## Supplied material
--------------------------------

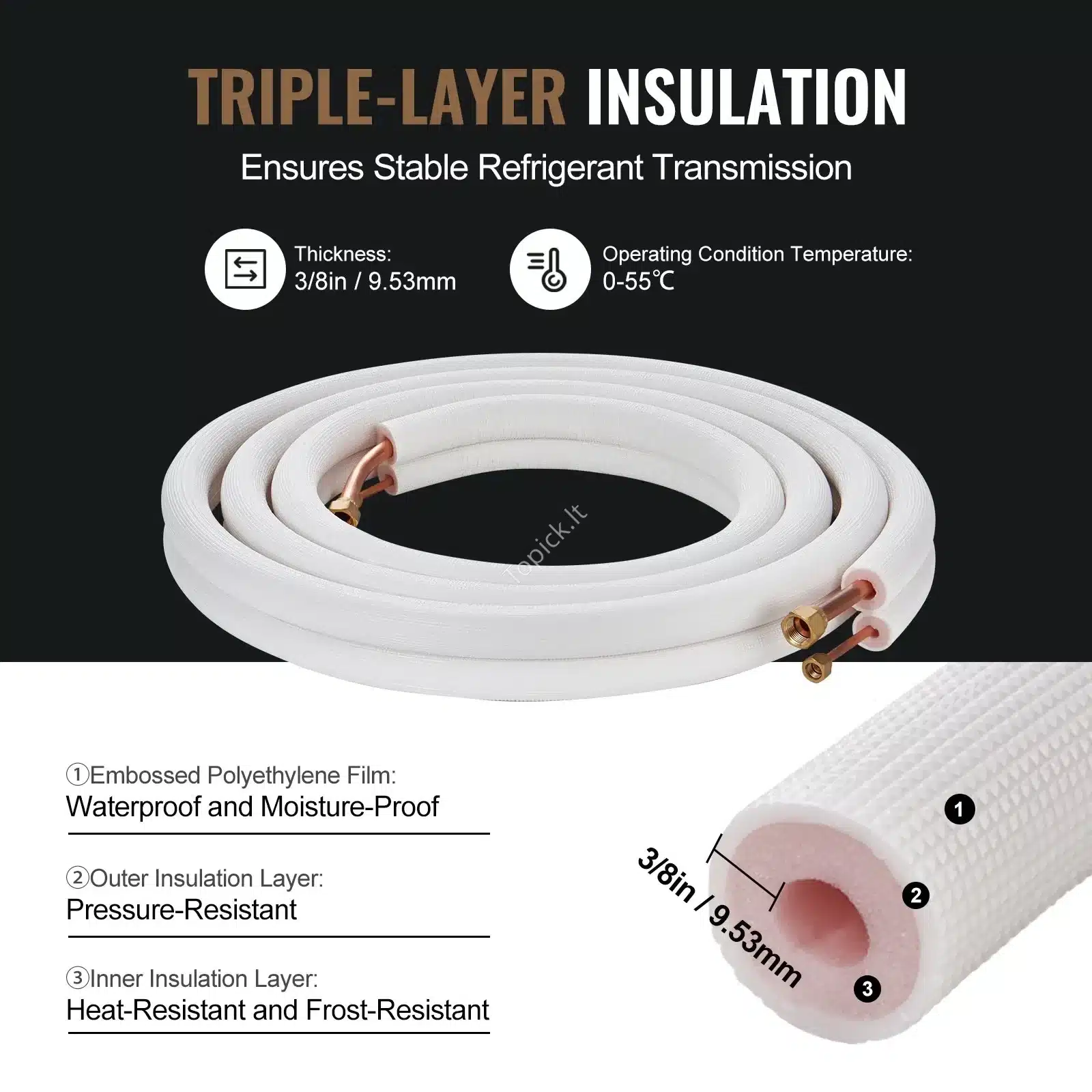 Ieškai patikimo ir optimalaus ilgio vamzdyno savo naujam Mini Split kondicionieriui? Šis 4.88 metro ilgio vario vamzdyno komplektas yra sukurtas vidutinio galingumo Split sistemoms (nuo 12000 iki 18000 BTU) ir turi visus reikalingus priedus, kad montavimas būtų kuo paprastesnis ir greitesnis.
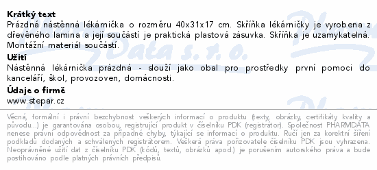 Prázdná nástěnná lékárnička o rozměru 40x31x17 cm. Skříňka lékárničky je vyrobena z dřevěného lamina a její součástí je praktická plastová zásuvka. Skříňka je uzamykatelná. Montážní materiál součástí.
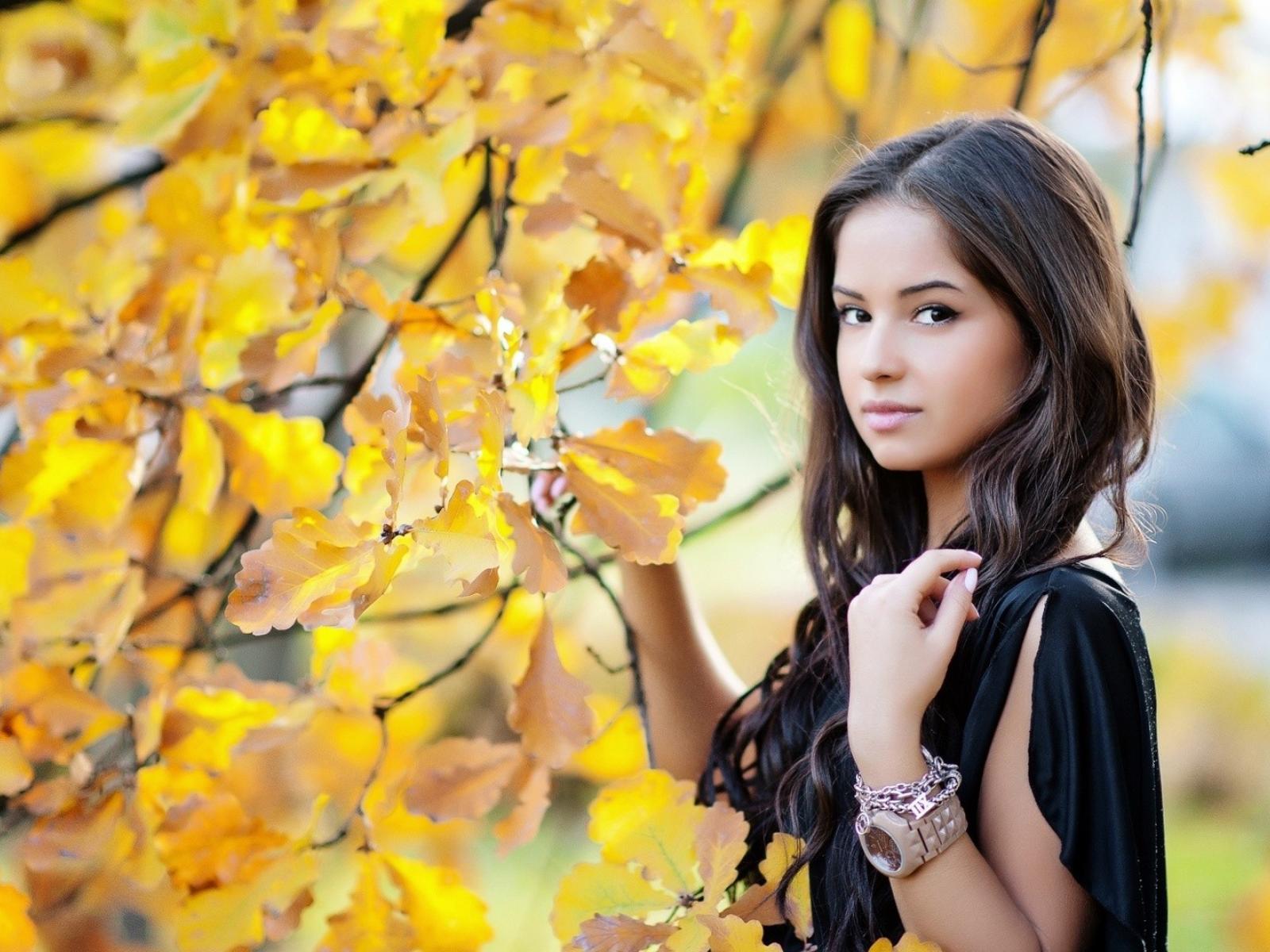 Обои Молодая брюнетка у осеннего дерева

--------------------------------

## Task description
Return the listing unchanged except for the pictures, which should be dropped.

## Answer to this task
 Ieškai patikimo ir optimalaus ilgio vamzdyno savo naujam Mini Split kondicionieriui? Šis 4.88 metro ilgio vario vamzdyno komplektas yra sukurtas vidutinio galingumo Split sistemoms (nuo 12000 iki 18000 BTU) ir turi visus reikalingus priedus, kad montavimas būtų kuo paprastesnis ir greitesnis.
 Prázdná nástěnná lékárnička o rozměru 40x31x17 cm. Skříňka lékárničky je vyrobena z dřevěného lamina a její součástí je praktická plastová zásuvka. Skříňka je uzamykatelná. Montážní materiál součástí.
 Обои Молодая брюнетка у осеннего дерева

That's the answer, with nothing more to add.